---------- INPUT RECORDS

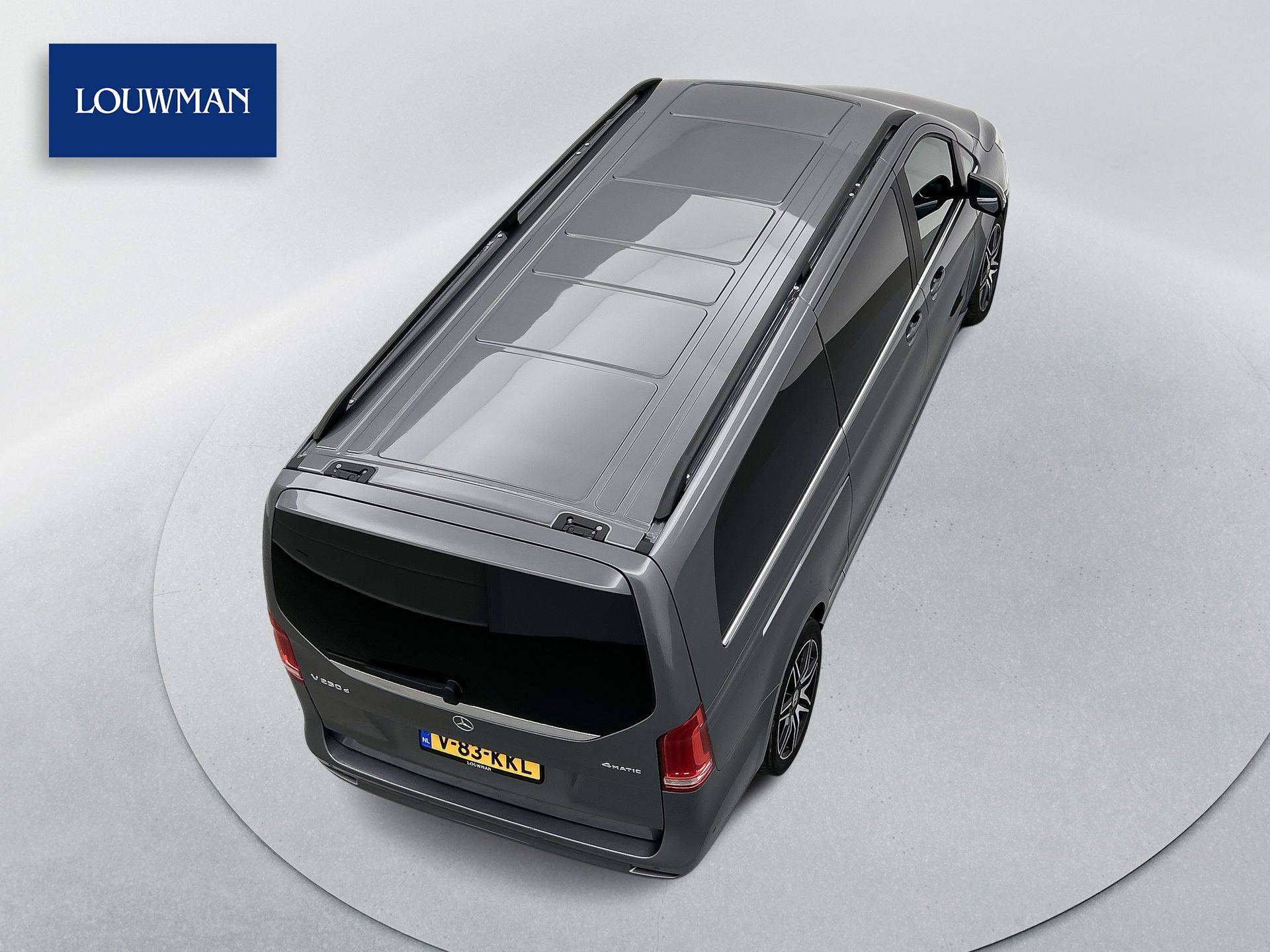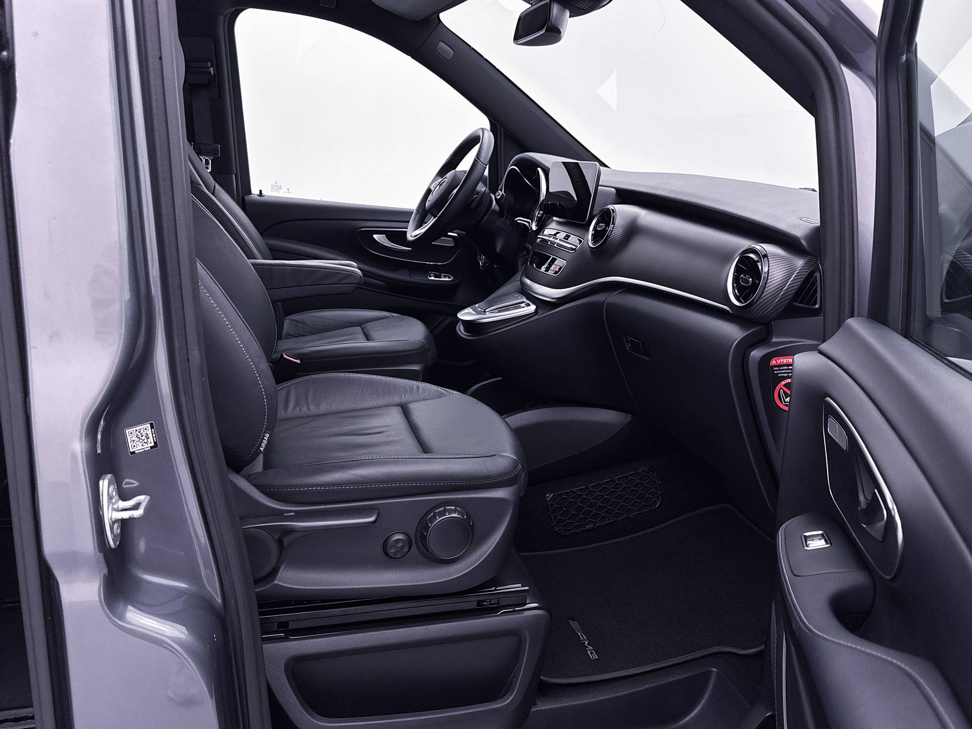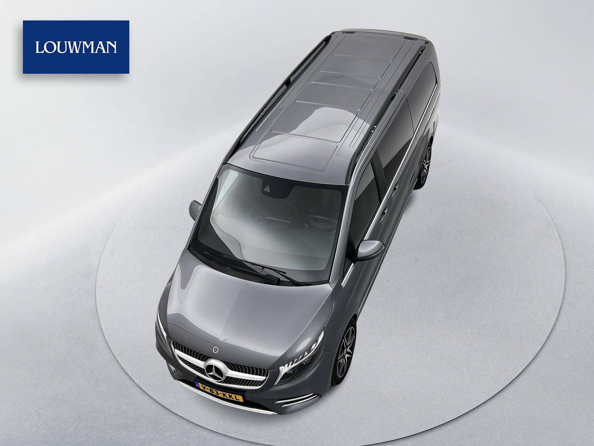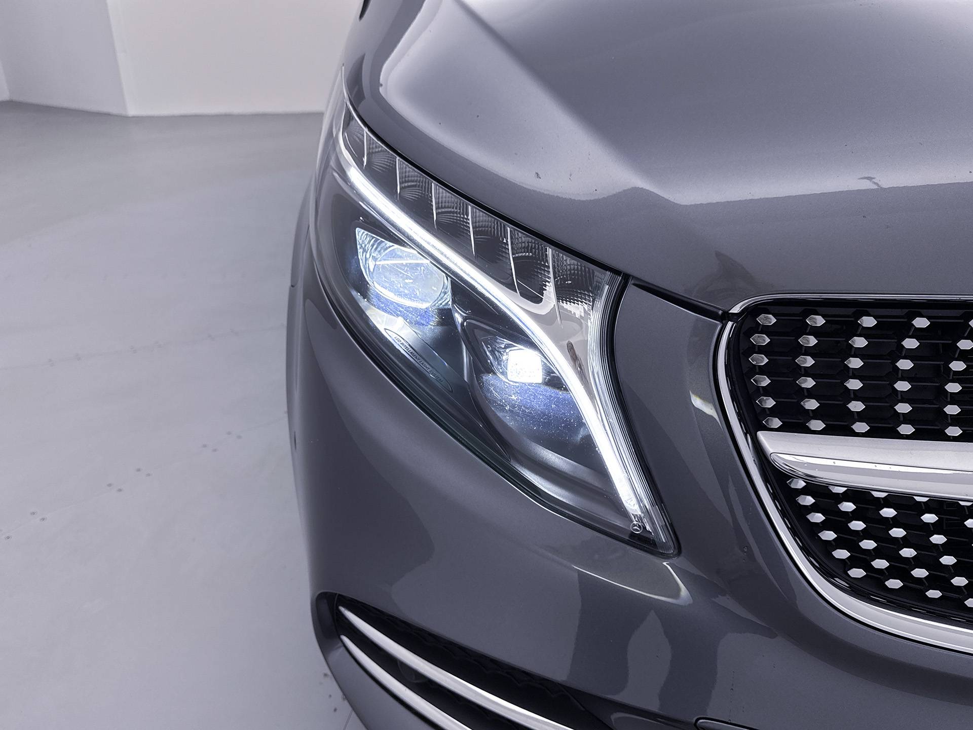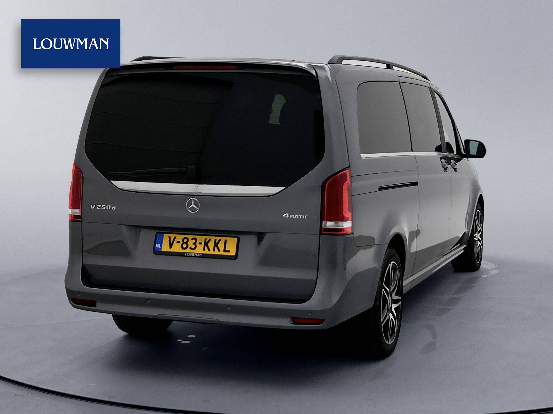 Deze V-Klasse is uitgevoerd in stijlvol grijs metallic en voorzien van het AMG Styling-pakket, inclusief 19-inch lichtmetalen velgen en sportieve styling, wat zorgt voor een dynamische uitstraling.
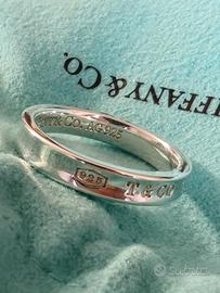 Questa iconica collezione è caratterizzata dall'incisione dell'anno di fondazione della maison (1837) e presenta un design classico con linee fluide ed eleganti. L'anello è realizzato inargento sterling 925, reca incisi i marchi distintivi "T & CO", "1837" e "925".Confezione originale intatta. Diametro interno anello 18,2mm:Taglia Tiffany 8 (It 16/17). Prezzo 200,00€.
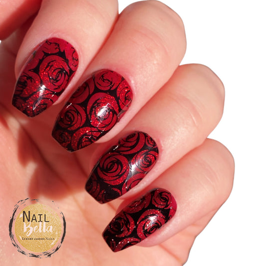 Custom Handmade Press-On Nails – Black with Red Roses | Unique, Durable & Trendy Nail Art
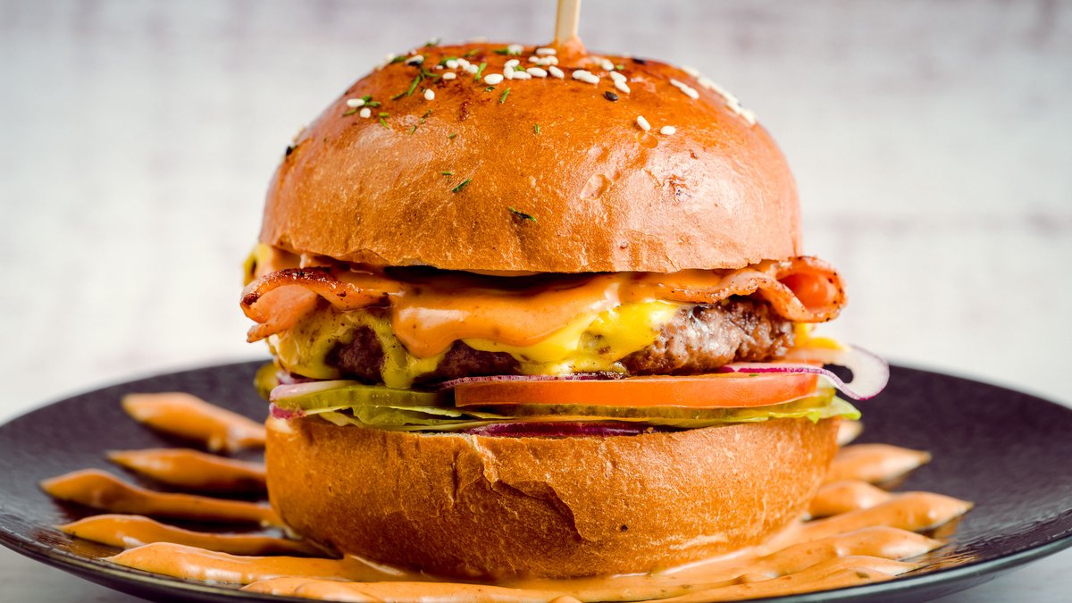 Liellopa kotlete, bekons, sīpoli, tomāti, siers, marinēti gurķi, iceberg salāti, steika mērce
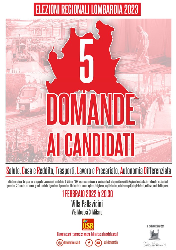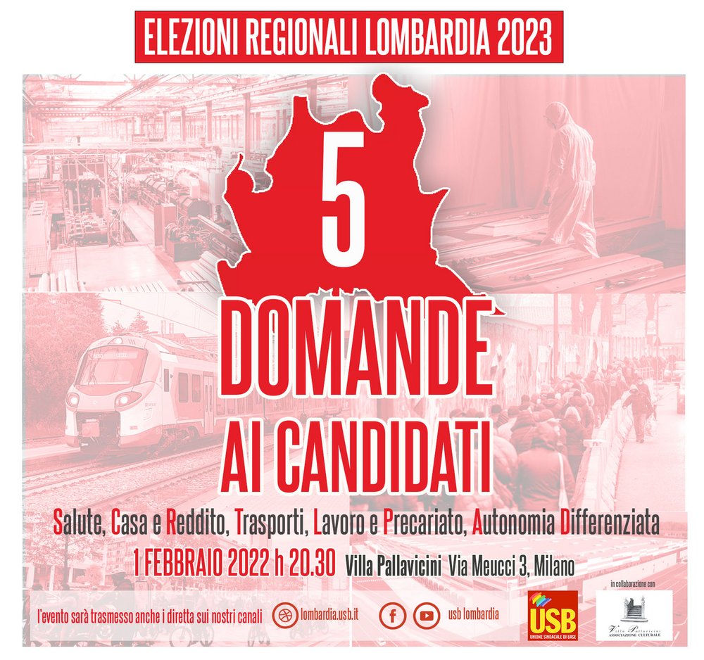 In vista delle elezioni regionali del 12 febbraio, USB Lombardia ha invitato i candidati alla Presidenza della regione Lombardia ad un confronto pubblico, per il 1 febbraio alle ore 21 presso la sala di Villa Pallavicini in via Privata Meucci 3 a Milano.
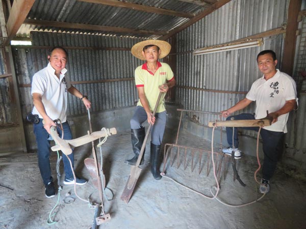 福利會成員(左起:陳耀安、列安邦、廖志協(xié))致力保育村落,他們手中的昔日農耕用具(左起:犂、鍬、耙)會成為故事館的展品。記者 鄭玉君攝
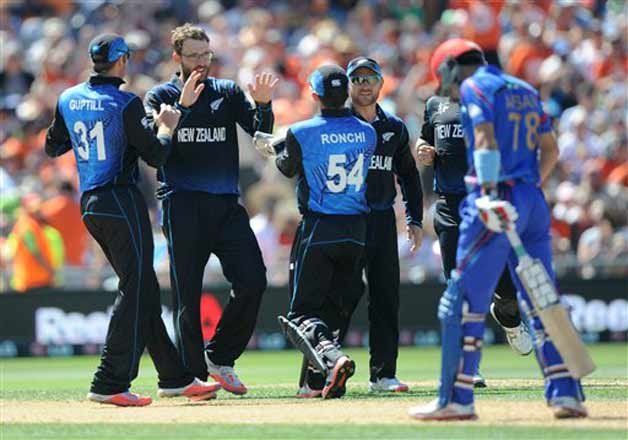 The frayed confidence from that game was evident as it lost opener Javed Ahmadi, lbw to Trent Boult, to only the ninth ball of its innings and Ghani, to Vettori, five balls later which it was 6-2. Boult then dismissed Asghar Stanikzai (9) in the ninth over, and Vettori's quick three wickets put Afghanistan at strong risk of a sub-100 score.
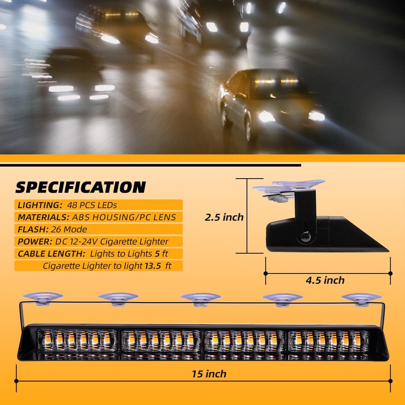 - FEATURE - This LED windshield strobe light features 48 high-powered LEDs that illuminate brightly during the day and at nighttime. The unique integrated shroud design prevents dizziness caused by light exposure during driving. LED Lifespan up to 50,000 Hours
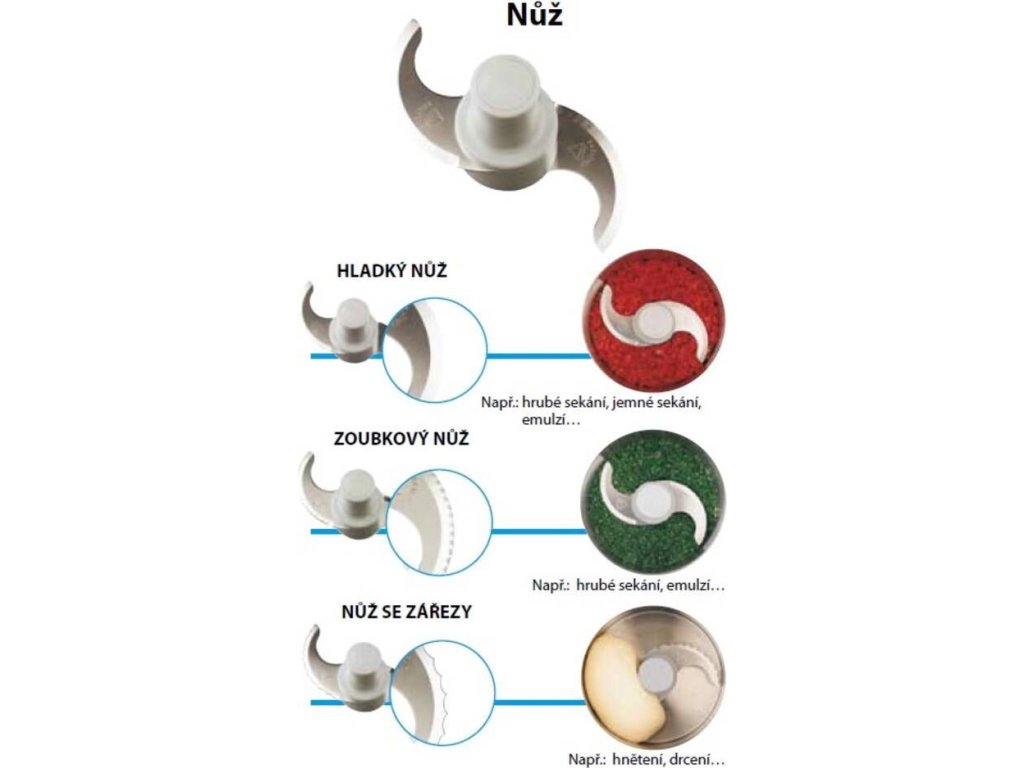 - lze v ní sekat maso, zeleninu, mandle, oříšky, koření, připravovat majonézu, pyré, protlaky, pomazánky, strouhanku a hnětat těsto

--------------------

### TASK GOAL
Retype each line of the records exactly as it reads; no pictures belong in the copy.

### RESULT FOR THIS TASK
 Deze V-Klasse is uitgevoerd in stijlvol grijs metallic en voorzien van het AMG Styling-pakket, inclusief 19-inch lichtmetalen velgen en sportieve styling, wat zorgt voor een dynamische uitstraling.
 Questa iconica collezione è caratterizzata dall'incisione dell'anno di fondazione della maison (1837) e presenta un design classico con linee fluide ed eleganti. L'anello è realizzato inargento sterling 925, reca incisi i marchi distintivi "T & CO", "1837" e "925".Confezione originale intatta. Diametro interno anello 18,2mm:Taglia Tiffany 8 (It 16/17). Prezzo 200,00€.
 Custom Handmade Press-On Nails – Black with Red Roses | Unique, Durable & Trendy Nail Art
 Liellopa kotlete, bekons, sīpoli, tomāti, siers, marinēti gurķi, iceberg salāti, steika mērce
 In vista delle elezioni regionali del 12 febbraio, USB Lombardia ha invitato i candidati alla Presidenza della regione Lombardia ad un confronto pubblico, per il 1 febbraio alle ore 21 presso la sala di Villa Pallavicini in via Privata Meucci 3 a Milano.
 福利會成員(左起:陳耀安、列安邦、廖志協(xié))致力保育村落,他們手中的昔日農耕用具(左起:犂、鍬、耙)會成為故事館的展品。記者 鄭玉君攝
 The frayed confidence from that game was evident as it lost opener Javed Ahmadi, lbw to Trent Boult, to only the ninth ball of its innings and Ghani, to Vettori, five balls later which it was 6-2. Boult then dismissed Asghar Stanikzai (9) in the ninth over, and Vettori's quick three wickets put Afghanistan at strong risk of a sub-100 score.
 - FEATURE - This LED windshield strobe light features 48 high-powered LEDs that illuminate brightly during the day and at nighttime. The unique integrated shroud design prevents dizziness caused by light exposure during driving. LED Lifespan up to 50,000 Hours
 - lze v ní sekat maso, zeleninu, mandle, oříšky, koření, připravovat majonézu, pyré, protlaky, pomazánky, strouhanku a hnětat těsto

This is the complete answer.